Prior to this it was in the South Northamptonshire and had two councillors who were responsible for "Grange Ward". Councillor Andrew Grant and Councillor Adil Sadygov both members of the Conservative party. It was also represented on Northamptonshire County Council by one councillor who was responsible for "Hackleton and Grange Park Ward". The last councillor for this ward was Councillor Michael Clarke, a member of the Conservative party.

==Transport==
Grange Park is close to the Northampton loop of the West Coast Main Line. This carries trains from Northampton to London Euston via Milton Keynes Central.

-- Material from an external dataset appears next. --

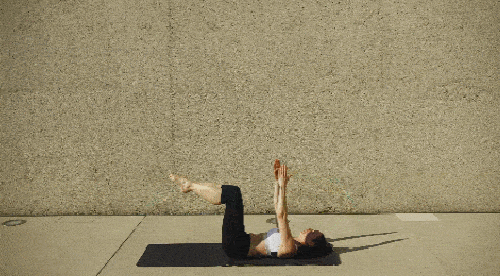 매트에 등을 대고 눕습니다. 손은 골반 아래로 이동하세요. 다리는 공중으로 뻗어줍니다. 무릎을 펴주고, 발끝은 뻗어줍니다. 다리를 바닥으로 내리면서 다시 들어주세요. 이때 무릎을 구부렸다가 당기면서 펴줍니다. 1분 동안 반복하세요.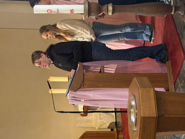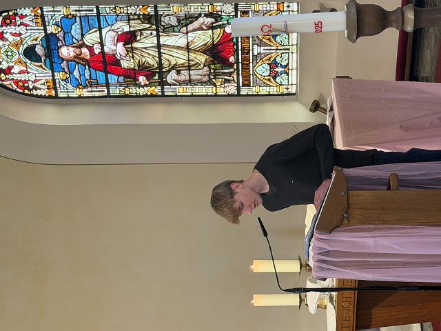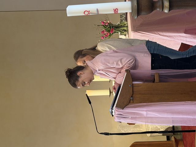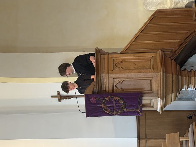 Moritz und Yorik verbeugen sich vor dem Altar. Moritz nimmt die Altarbibel, liest den Text und geht dann hinauf auf die Kanzel. Die Predigt teilen sie sich zu zweit. Die KON26 haben sich den Lätare-Texten mutig gestellt. Sie haben verstanden, dass es für jeden Sonntag Texte gibt, die sich nur alle sieben Jahre wiederholen und die Chance genutzt. In der Predigt, an der die Gemeindepfarrerin Silke Molnár rein gar nichts verändert hat, bringen sie Gott als liebende Mutter mit den Unwägbarkeiten des Lebens und dem Sterbenmüssen zusammen. Sie halten – aller deutlichen Schwierigkeiten auf der Welt zum Trotze – an dem Gedanken fest, dass mit Gottes Liebe letztlich alles überwunden werden kann, was Menschen daran hindert zu lieben. Gottes Wirken wird mit dem Butterfly-Effekt erklärt. Wow!

Peak travel times by rail by West Midlands Trains and Avanti West Coast services in minutes are: from Northampton to Central London 46, to Birmingham 65; from Milton Keynes to Central London 40 and Manchester 120.

The estate borders on the M1 motorway to the south-east and A45 to the west and north.

Typical travel times in minutes by road (peak times in italics) are:

- Central London (via M1) 75 (110)
- Birmingham (via M1/M6) 45 (60)
- Manchester, (via M1/M6/M62) 120 (175)
- Leicester (via M1) 50 (65)
- Oxford (via A43) 50 (60)
- Cambridge (via A45/A14) 85 (130)
- Milton Keynes (via A508) 20 (30)

Airports at Heathrow, Gatwick, and London Stansted as well as Birmingham Airport are all within easy reach.

Grange Park is also on the Stagecoach Midlands X6 bus route between Milton Keynes and Northampton via Roade. The main local routes for the area also include the routes 11/11A which also bypass Wootton and Hardingstone.